Documentos de trabajo
Inclusionary housing (IH) programs in the United States are more prominently found in states that encourage their local governments to adopt IH policies, such as California and New Jersey. However, some states also restrict their local governments from adopting mandatory inclusionary housing (MIH) policies through legislative action, called ‘state preemption’. While there are national databases on both the prevalence of state preemptions against IH policies and the distribution of IH programs, there is limited case study research on state preemptions and local IH policies. This paper addresses this gap by examining Nashville’s interest and experience in implementing IH policy from 2016-2021 in the face of the Tennessee legislature’s IH restrictions.

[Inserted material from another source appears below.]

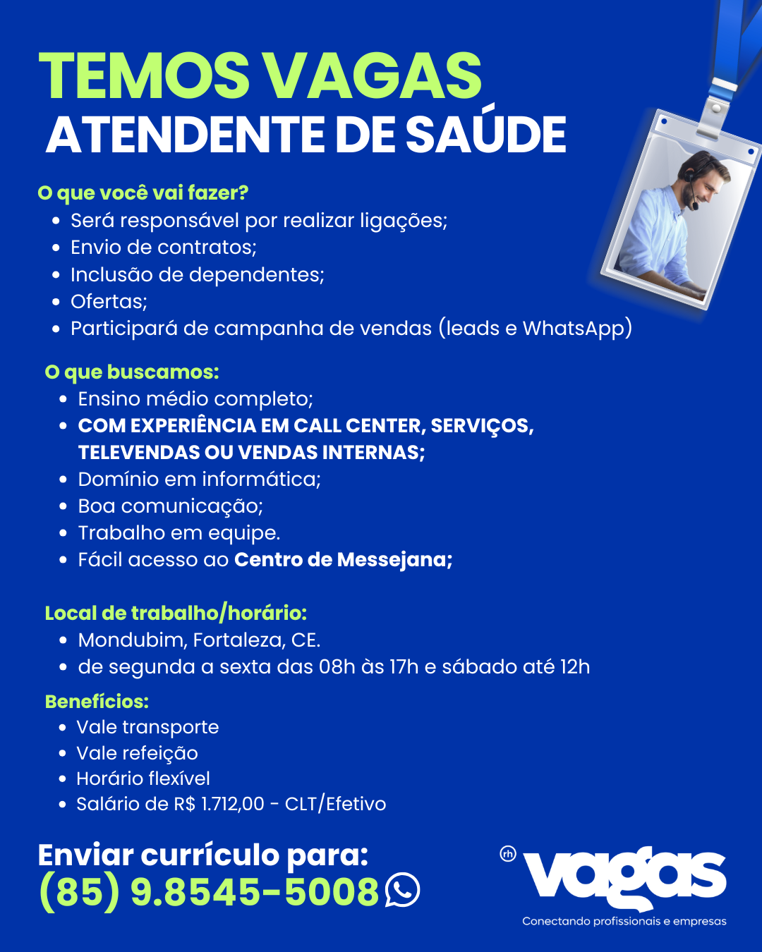 Enviar currículo para: (85) 9.8545-5008

Nashville’s IH policy experience offers keen insights into the political economy of IH policies and the overall housing policy ecosystem. One of the key points of dispute unique to the IH policy rhetoric in Nashville is the definition of what counts as a voluntary IH (VIH) policy. Generally, while MIH programs require developers to include affordable housing (or in-lieu fees) in their development, in VIH, developers can choose to opt out of the program. Under VIH, localities provide developer incentives, such as density bonuses, parking waivers, expedited review, and financial incentives to incentivize developer participation in the program. Developers who choose not to participate in the VIH program therefore will not receive any density bonuses and work within the base zoning entitlements applicable to their land. There are 2.5 times more MIH programs than VIH in the United States. MIH programs also produce more IH units when compared to VIH programs.
Nashville’s IH policy opponents have argued that VIH policies cannot make the issue of density bonuses conditional on the inclusion of affordable units. The conditional nature of incentives, they argue, has made them a mandatory policy. This conceptual disagreement also transferred into the legislative language, severely constraining Nashville’s capacity to design a favorable IH program. Due to state preemptions on IH and restrictions on the use of any zoning tools to incentivize the development of affordable housing, Nashville Metro (Metropolitan Government of Nashville and Davidson County, also referred as Metro, or Nashville Metro, or Nashville) had to rely almost exclusively on financial set-asides or use public land for incentivizing the development of affordable housing in mixed-income private developments. This was difficult to implement not only because the Metro government faced severe budget shortfalls, but also because housing advocates were staunchly opposed to compensating private developers for a few mixed-income affordable housing units using limited public resources.
Nashville’s experience also illustrates how some rapidly growing urban areas may have limited administrative capacities in terms of housing policy precedence and staff responsible for initiating and sustaining policy support for innovative housing policies.